Thursday, November 1, 2012

.NET Bindings: Whaddaymean "No response for URL"?

The Selenium project just pushed out version 2.26.0 for all of its languages, after a months-long hiatus between releases. The delay wasn't intentional, but it happened, so it's been awhile since the bindings were updated. As usual, the release was accompanied by a post to the user-facing mailing lists for the project. Also as usual, the first reply was asking a question about what didn't get fixed.

The issue, number 3719 in the issue tracker, involves the .NET bindings returning an intermittent failure for some operations. The message text of this error reads, "No response from server for url". The post to the mailing list basically asked why this issue wasn't fixed in the recent release. I had to struggle quite a bit not to summon the snark and respond,
"Sigh. How would you like this particular issue to be fixed?"
The .NET bindings use the .NET Framework's System.Net.HttpWebRequest class for communicating with a remote server that speaks the WebDriver JSON Wire Protocol. I must carefully note here that the term "remote server" can refer to many things. It can refer to an instance of the Java remote WebDriver server. It can also refer to an instance of IEDriverServer.exe or chromedriver.exe, the main components of the Internet Explorer and Chrome drivers, respectively. It can also refer to an instance of the Firefox extension that the FirefoxDriver uses internally to control Firefox. Note that in any of these cases, the "remote server" may, in fact, be running on the same machine as the client bindings. At present almost all of the driver implementations use this architecture of a server component running an HTTP server talking to the client bindings.

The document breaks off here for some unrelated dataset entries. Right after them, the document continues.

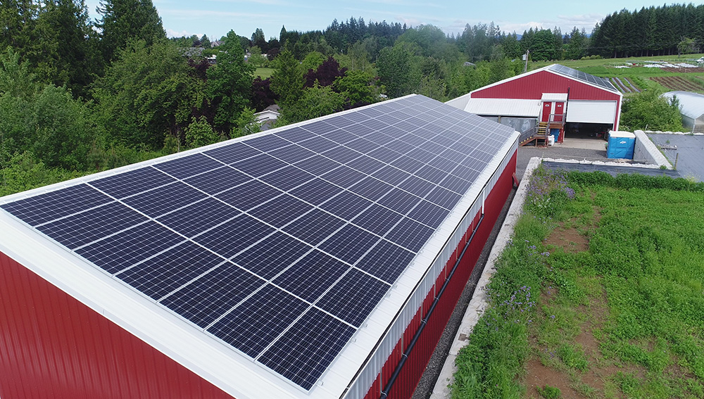 Headwaters Solar Panels Next → A view of both solar panel installations at Headwaters Farm: on the equipment shed in the foreground and on the barn in the background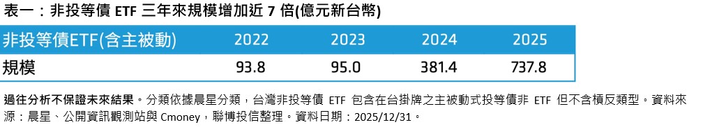 台灣投資人有多偏愛非投資等級債券ETF?觀察台灣近三年來非投資等級債券ETF(含主被動ETF)的資金變化,成長幅度相當可觀。截至去年底的數字顯示,非投資等級債券ETF三年資產規模,從2022年的93.8億元新台幣,成長至2025年的737.8億元新台幣,漲幅近7倍(表一)。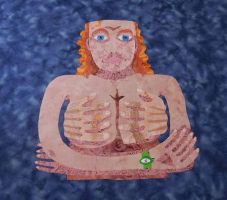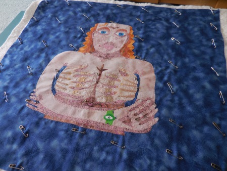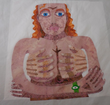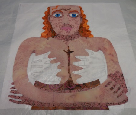 This isn’t a big quilt…it only has 160 pieces in it. I thought about doing it for the FFAC cancer donation quilt, but it’s way too complicated, too many hours. It’ll finish up about 20″ square and I already have over 8 hours in it. For those who are always devaluing an artist’s time, consider how much you get paid for a day of your actual real-life job. I know what that amount is for my job…in fact, I know my hourly rate. Now add in the cost of materials and a 40-50% gallery commission. And taxes. Now you know what an 8-hour quilt is really worth, and this will have more than 8 hours in it by the time I’m done. They want the cancer quilts to come out to about $100, so I need to draw simple and keep it small. I’m hoping to do that today too. Later. (Procrastinating…small and simple is HARD for me.)
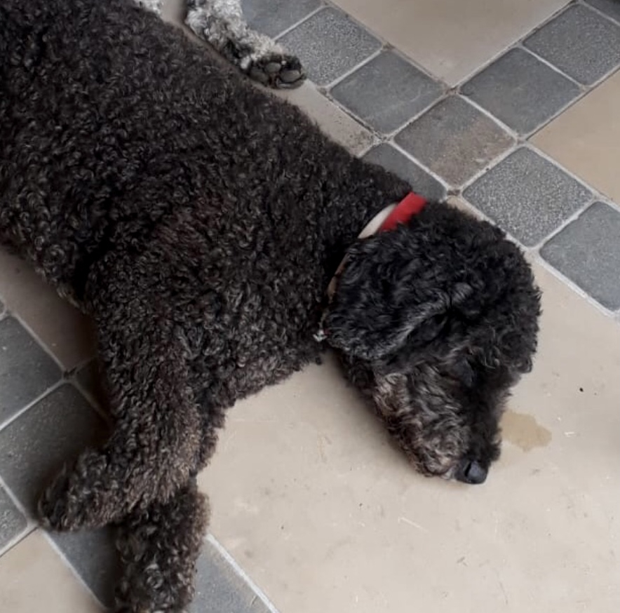 Haven’t got the energy to tackle Gertie yet, so the crime scene shots will have to wait, but here’s a quick pupdate. Typically for a female Spanish Water Dog she is developing a very strong, not to say bolshie personality! Smudge at 21 weeks: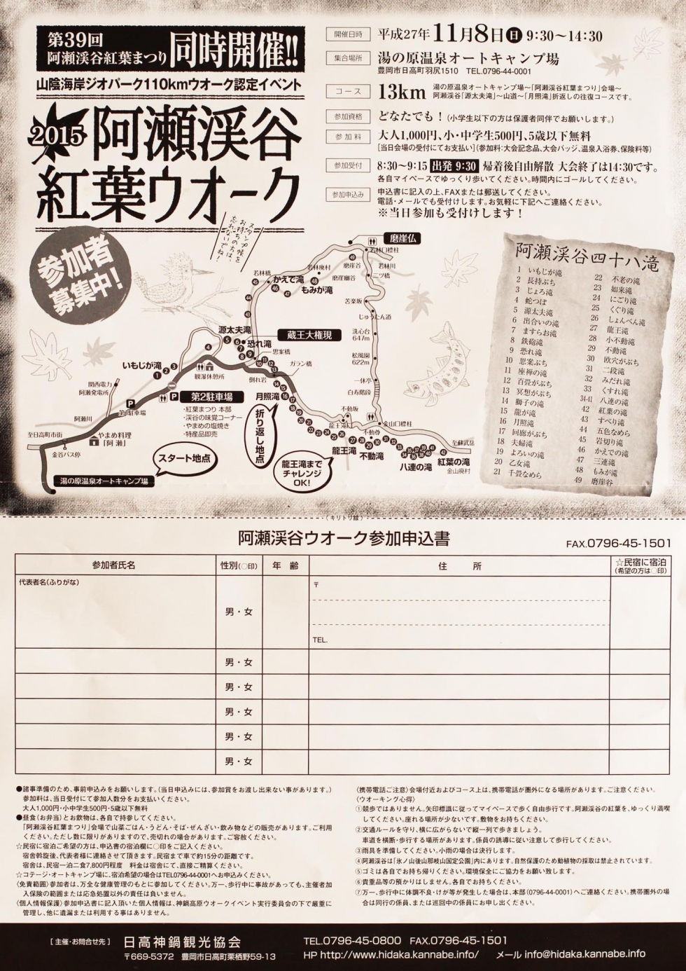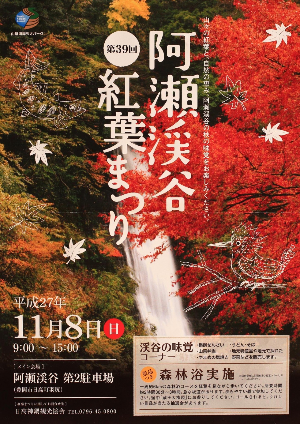 阿瀬渓谷にて「第39回 阿瀬渓谷紅葉祭り」「2015 阿瀬渓谷紅葉ウオーク」が開催されます。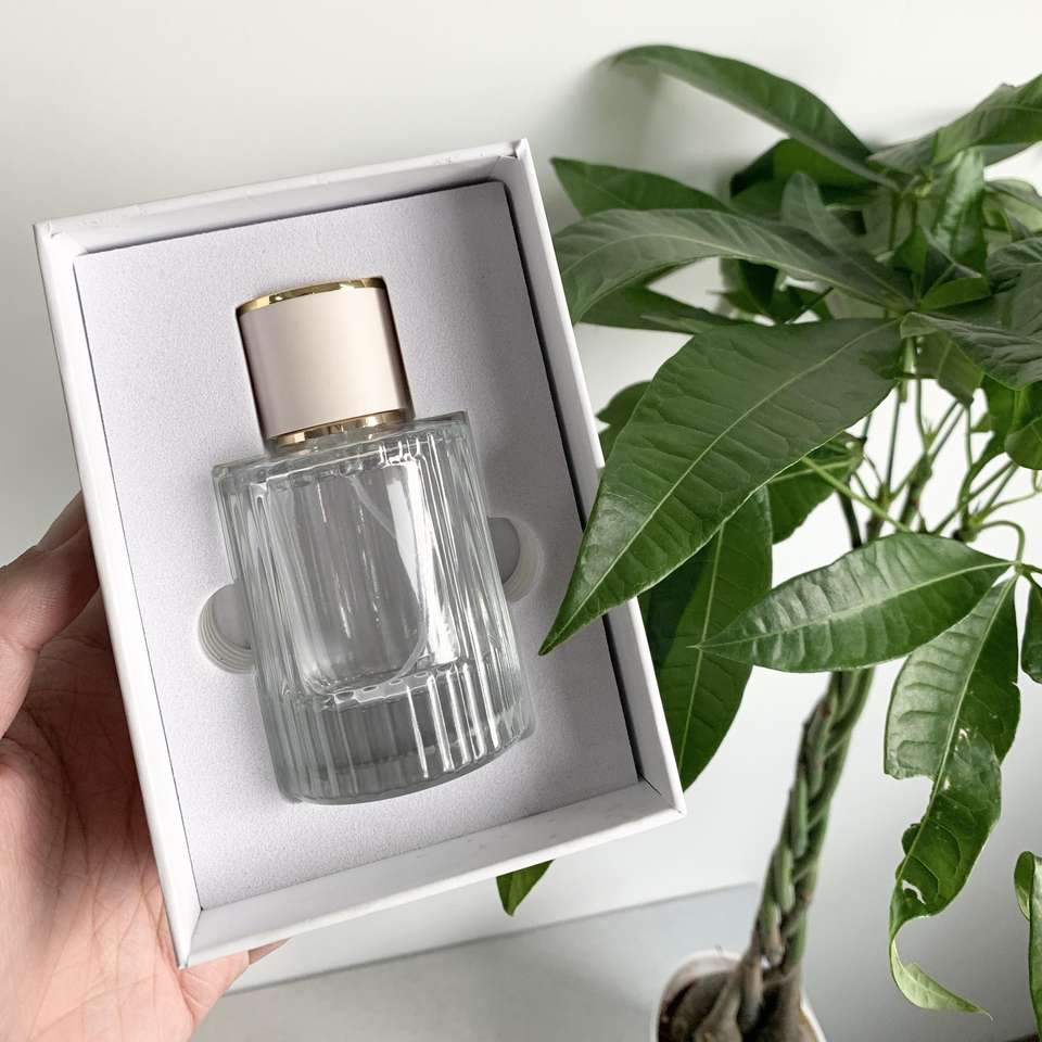 Bouteille de parfum de luxe de forme ronde, 30ml 50ml en verre transparent, rechargeable pour hommes et femmes avec boîte, 2022 populaire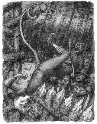 Уперев руки в бедра, Пак повернулся на пятках. Лишь он остановился, как начал превращаться. Тело увеличилось до огромных размеров. Нос отвис почти до пят, а уши стали серыми и раздулись до размеров воздушных змеев. Из-под носа выросли два больших белых бивня, а кожа стала морщинистой и грубой. В мгновение ока он стал слоном. Доковыляв до ближайшего валуна, он прижал голову к нему и толкнул. Тяжелый камень покатился вперед, медленно, но покатился. Несмотря на явную тяжесть, Пак двигался вперед, пока валун не оказался точно в ковше катапульты.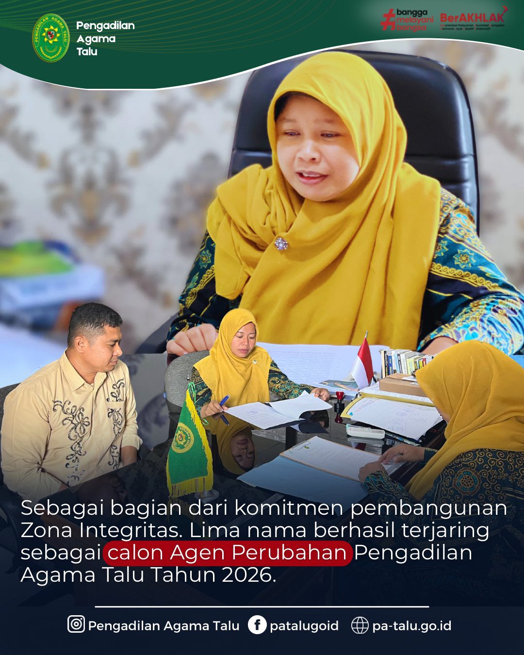 Bertempat di ruang Ketua Pengadilan Agama Talu, telah dilaksanakan rapat penjaringan nama calon Agen Perubahan dalam rangka pembangunan Zona Integritas Tahun 2026. Kegiatan ini dipimpin langsung oleh Ketua Pengadilan Agama Talu, Milda Sukmawati, S.H.I., bersama Panitera Dr. Roni Pebrianto, S.H.I., M.H., dan Sekretaris Adriyeni, S.H.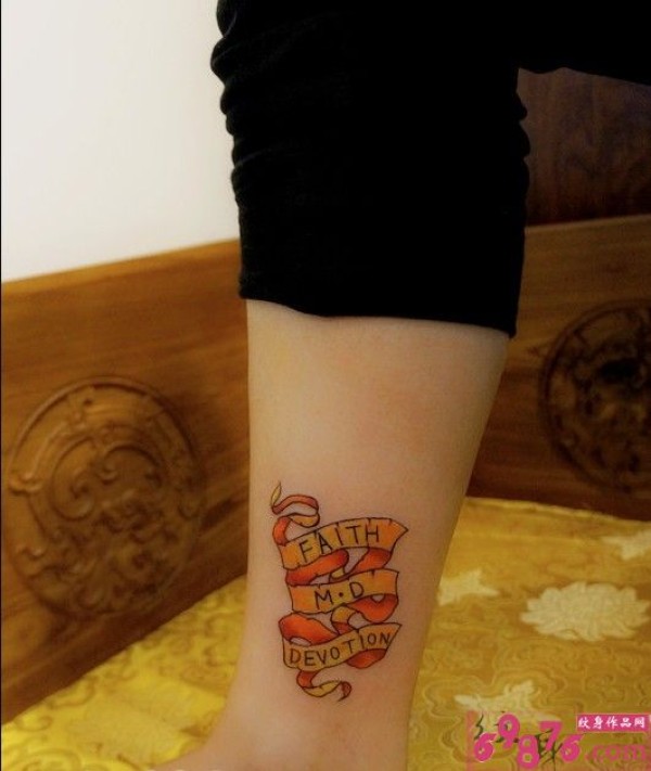 彩色飘带脚踝纹身_脚部纹身图案大全_纹身图吧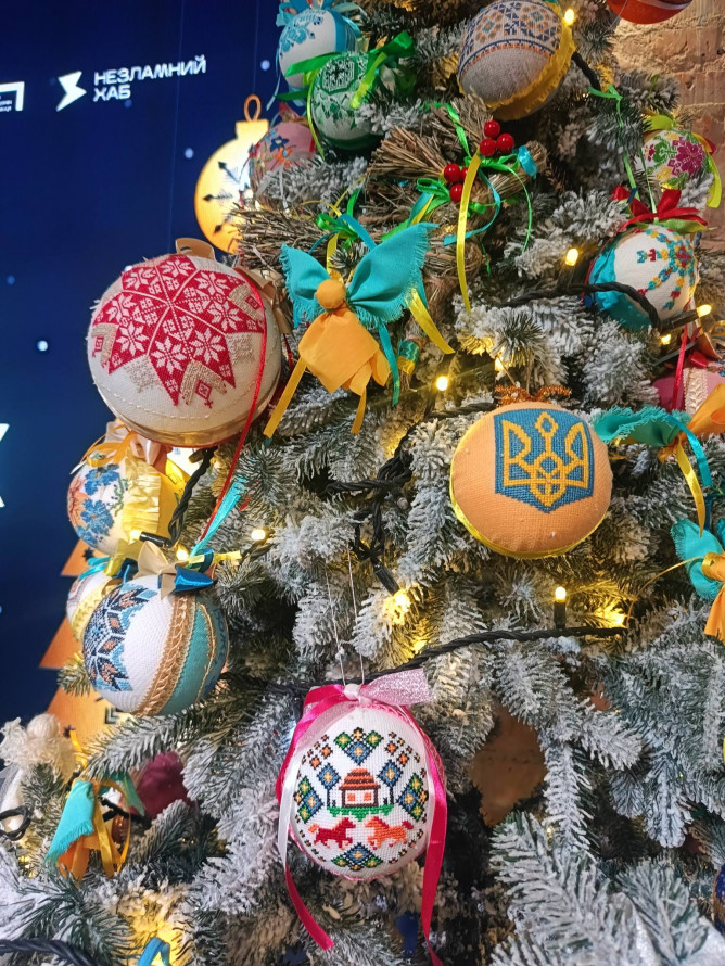 До речі, перед ЦКП "Орбіта" влаштували красиву святкову зону. Незламний хаб в "Орбіті" теж святково прикрашений. Зокрема, там є ялинка, яку прикрасили унікальними вишитими вручну кульками роботи майстринь ГО "Запорозькі берегині".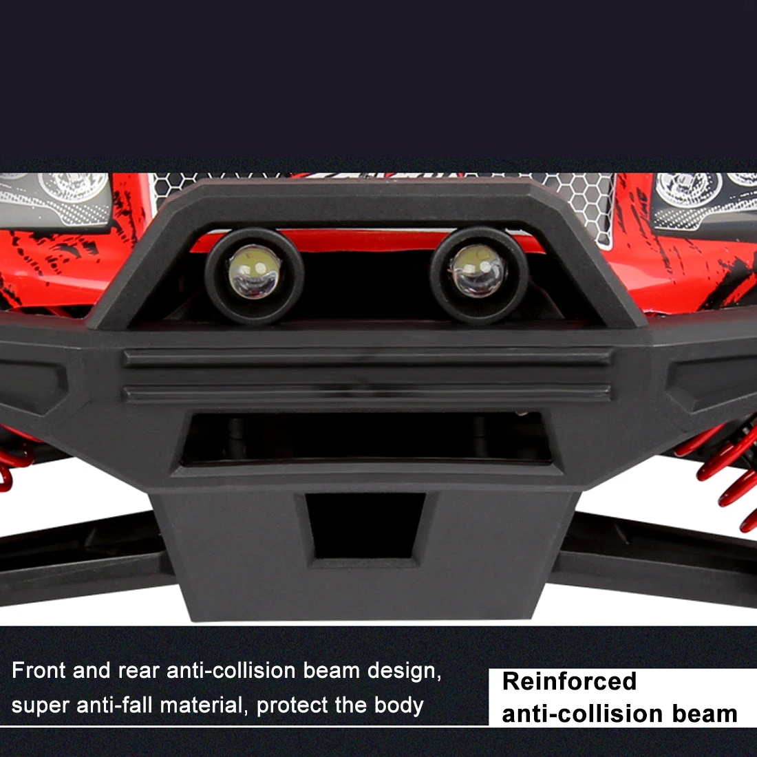 Cool body design, front and rear anti-collision beam design, super anti-fall material, protect the body. The high-brightness LED car light design can also drive in the dark environment. The body holes are fixed and easy to disassemble, which can be DIY modified by professional players.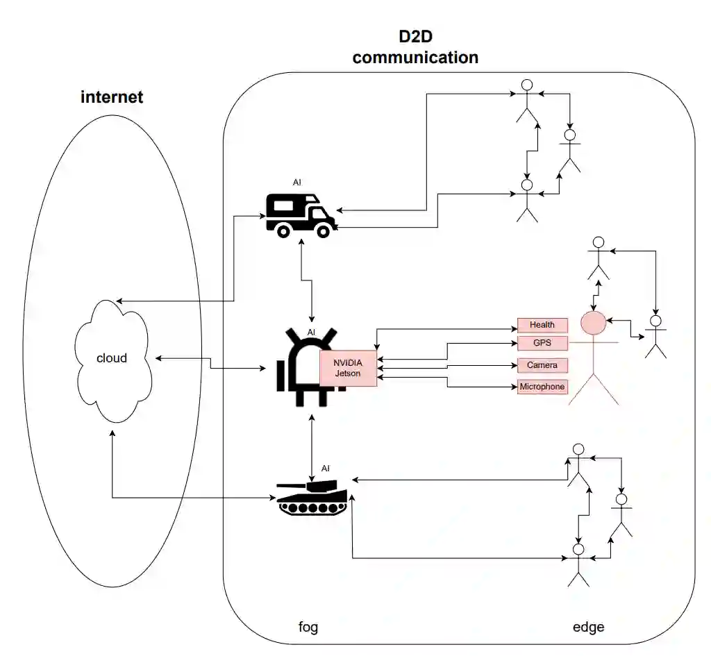 士兵通常会使用多种物联网设备,如健康传感器、GPS、摄像头、麦克风等。这些物联网设备功能太弱,无法处理复杂的人工智能任务,如基于深度学习(DL)流程的任务。如果能将这些设备的数据发送到军用车辆或机器人(如移动平台),让其利用足够的能源和计算能力执行人工智能任务,就能更轻松地满足所面临的要求。然后,可将结果反馈给全球战场性能分析评估人员、士兵和云数据中心。移动雾人工智能是一种创新方法,由专门用于人工智能任务的移动雾层组成,该层扩展了 D2D/P2P 网络,利用雾计算作为支持人工智能功能的服务。为此,雾人工智能主要利用边缘计算/人工智能来简化数据,因为假设 D2D 只处理少量数据(Bellavista 等人,2019 年)。

So the .NET bindings use the HttpWebRequest class to initiate command with the "server" component. To get the response back from the HTTP server, we call the GetResponse() method. Now, in the normal case, everything is just fine. The bindings get a valid response back from the server, interpret that response, and everything moves right along. Sometimes, the method throws a System.Net.WebException, like if the server is unreachable or the like. The bindings know about that possibility and catch the exception. The exception even has a .Response property on it to allow the bindings to continue to use a valid System.Net.HttpWebResponse to interpret what the remote WebDriver HTTP server is trying to say.

Sometimes, however, the HTTP server doesn't return any response, and it doesn't throw an exception. It just goes off into the aether, never to return. In that case, our response object is null, and here's the real question: What do you expect the .NET bindings to do in that case? The bindings have no idea of the status of the immediately preceding request. They don't know if it succeeded or failed. They don't know if the server is even still breathing or not. That means blindly attempting a retry would be futile at best, and destructive at worst. All the bindings can do is say, "Hey, we sent off a request, like you asked us to, but we didn't get a response back. Don't know what else to tell you, we tried. Sorry it didn't work out."

The worst part about this is that it looks like the bindings are at fault. The bindings are only reporting what happened, and I'm not sure what other approach any sane client could possibly do. Of course, you reading this may disagree. If so, and you have concrete ideas how to solve the problem that don't involve a blind retry or a complete rewrite of the .NET Framework's System.Net.HttpWebRequest class, I'd love to see the implementation. Show me the code; I love receiving patches.